Теперь ждать. Таков пароль. Не дождешься – значит опасность, ответят – значит опасности нет. А дальше условные фразы. Буторин ждал минут десять, замерев у окна и напряженно вслушиваясь в ночь. Наконец окно тихо отворилось. Немного, лишь оставив небольшую щель пальца в четыре. Мужской голос тихо спросил:

– Побираться пришел? Еды нет, сами голодаем.

– Голодный голодного на улицу не выгонит, – ответил Буторин, старательно выговаривая каждое слово.

– Сколько ты уже не ел? – спросил голос без всякого выражения.

– Одну неделю, шесть дней, пять часов и четыре минуты, – перечислил Буторин цифры в порядке убывания.

– Здесь не подают, – снова ответил голос. – Приходи через двенадцать дней в одиннадцать часов дня.
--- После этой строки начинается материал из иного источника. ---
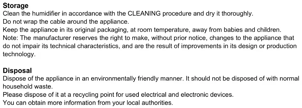 Fault-handling methods Problem Solution Humidifier doesn’t work at all Make sure it is properly plugged into the power-supply socket. Switch on using the button on the back of the appliance. There is a strange odour Clean the water tank with a vinegar/water mix. Leave the water tank open without its cover for a while. Not much mist Clean the atomiser. If the water has been in the unit for a long time, replace it with clean water.Storage Clean the humidifier in accordance with the CLEANING procedure and dry it thoroughly. Do not wrap the cable around the appliance. Keep the appliance in its original packaging, at room temperature, away from babies and children. Note: The manufacturer reserves the right to make, without prior notice, changes to the appliance that do not impair its technical characteristics, and are the result of improvements in its design or production technology. Disposal Dispose of the appliance in an environmentally friendly manner. It should not be disposed of with normal household waste. Please dispose of it at a recycling point for used electrical and electronic devices. You can obtain more information from your local authorities.(DE) Lieber Kunde, vielen Dank, dass Sie sich für unser Produkt entschieden haben! Technische Merkmale l Spannung: 100 - 240 V l Frequenz: 50 Hz l Leistung: 25W l Kapazität: 2.7L l Anwendung: 20 - 35 Quadratmeter l Tragbar Empfehlung l Bitte überprüfen Sie zuerst den Luftbefeuchter und melden Sie eventuelle Schäden sofort dem Verkäufer. l Stellen Sie sicher, dass die Versorgungsspannung mit der auf dem Typenschild des Geräts übereinstimmt. l Das Gerät sollte auf einer ebenen, harten Oberfläche ohne Hindernisse wie Teppiche oder Handtücher aufgestellt werden. Achten Sie außerdem darauf, dass über dem Gerät mindestens 60 cm Freiraum für den Nebelaustritt vorhanden sind. l Verwenden Sie das Gerät nicht, wenn es nicht vollständig montiert ist oder wenn Teile des Geräts fehlen. l Verwenden Sie für den Betrieb des Luftbefeuchters nur destilliertes Wasser. Eine Essig-Wasser- Mischung sollte nur zur Reinigung verwendet werden. l Die Wassertemperatur sollte 38 °C nicht überschreiten. l Die beste Betriebsumgebung hat eine Temperatur zwischen 15 °C und 38°C sowie eine Luftfeuchtigkeit von weniger als 80 % RH. l Stellen Sie das Gerät nicht in direktes Sonnenlicht. l Stellen Sie das Gerät nicht in der Nähe von Computern oder empfindlichen, elektronischen Geräten auf. l Verwenden Sie das Gerät nicht in Räumen mit explosiven Gasen oder während der Verwendung von brennbaren Lösungsmitteln, Lacken oder Klebstoffen. l Es wird nicht empfohlen, das Gerät unter Klimaanlagen zu stellen, da dies die Luftfeuchtigkeit beeinträchtigen kann. l Ziehen Sie nicht am Netzkabel, um das Gerät vom Stromnetz zu trennen. l Verwenden Sie das Gerät nicht, wenn es selbst oder dessen Kabel/Stecker beschädigt ist. l Bedienen Sie das Gerät nicht mit nassen Händen. l Stellen Sie kein heißes Wasser in den Wassertank. Füllen Sie nur Wasser durch den Boden des Tanks, nicht durch die Nebeldüse. l Fügen Sie dem Wasser keine aromatischen Substanzen hinzu (Pulver, Flüssigkeiten, Öl, usw.). Geben Sie Aromaöl nur auf den Aromaschwamm an der Unterseite des Geräts. l Ziehen Sie vor der Reinigung des Geräts immer den Stecker aus der Steckdose. l Tauchen Sie das Gerät nicht in Wasser ein und waschen Sie es nicht unter fließendem Wasser, da dies die elektronischen Komponenten des Geräts beschädigen könnte. l Halten Sie Babys und Kinder vom Gerät fern. l Wenn Sie das Gerät längere Zeit nicht benutzen, reinigen und trocknen Sie es gründlich mit einem weichem Tuch und verpacken Sie es anschließend sorgfältig. l Dieses Gerät ist für Kinder 8 Jahren ab und Personen mit eingeschränkten physischen, sensorischen oder geistigen Fähigkeiten oder mangelnder Erfahrung und Kenntnissen geeignet, falls diese angemessene ausführliche Anweisungen zur sicheren Benutzung des Geräts erhalten haben oder beaufsichtigt werden und die mit dem Gerät verbundenen Gefahren verstehen.l Kinder dürfen nicht mit dem Gerät spielen. l Reinigungs- und Wartungsarbeiten dürfen nicht von Kindern ohne Aufsicht durchgeführt werden.

Напряжение внутри отпустило. Все, пароль совпал. Слова, обозначающие опасность или провал, не прозвучали. Ошибок не было. Голос велел подойти к двери и ждать. Хозяин сам откроет и впустит ночного гостя. Нет уж, решил Буторин, и остался ждать у окна. Здесь было удобнее всего таиться. Отсюда он в два прыжка скроется за углом этого дома, а там развалины и овраг. А у дверей дома он будет торчать как водонапорная башня в чистом поле. Дверь без скрипа открылась. Это Виктор уловил боковым зрением. Он повернул голову. В проеме, едва видимый в ночи, стоял мужчина в накинутом на плечи пиджаке. Увидев, как гость отделился от стены и подошел к нему, он посторонился и пропустил Буторина внутрь.

Они прошли в полной темноте до двери, где хозяин остановил Буторина, давая возможность нащупать дверь и войти. Он зажег керосиновую лампу, и Виктор смог оглядеться. Жилище с разномастной мебелью, видимо, принесенной из разрушенных домов. Печка-буржуйка, окно, большей частью забитое фанерой из-за разбитых стекол. Там, где стекла имелись, они были закрыты газетами. Хозяин, небритый лысеющий мужчина с хмурым морщинистым лицом, уселся на стул и предложил гостю сесть. Буторин присмотрелся. На вид лет шестьдесят, но глаза живые. Нет, он моложе, лет пятьдесят, просто война старит людей. Очень старит.

– Кто вы? – рассматривая в свою очередь гостя, спросил мужчина. – Оттуда? Простите, нельзя спрашивать, а вам нельзя отвечать. Просто соскучился по своим. Тут такое было. Все последние месяцы…

– Разгромлено подполье? – понимающе кивнул Буторин.

– Да, большие потери, как я понял, – ответил мужчина. – Но я не вхожу в руководство, я просто связник. Так что истинного положения дел не знаю. Только могу догадываться. Слышал, что партизан крепко потрепали. Так что вам нужно, какая помощь требуется? Я единственный, кто все это время был не у дел… сказали, что я «законсервированный».

– Как мне вас называть?

– Матвеичем, как и все меня зовут. Я тут сапожным мастером работаю. У меня ларек на углу. Тем и живу. И для связи удобно.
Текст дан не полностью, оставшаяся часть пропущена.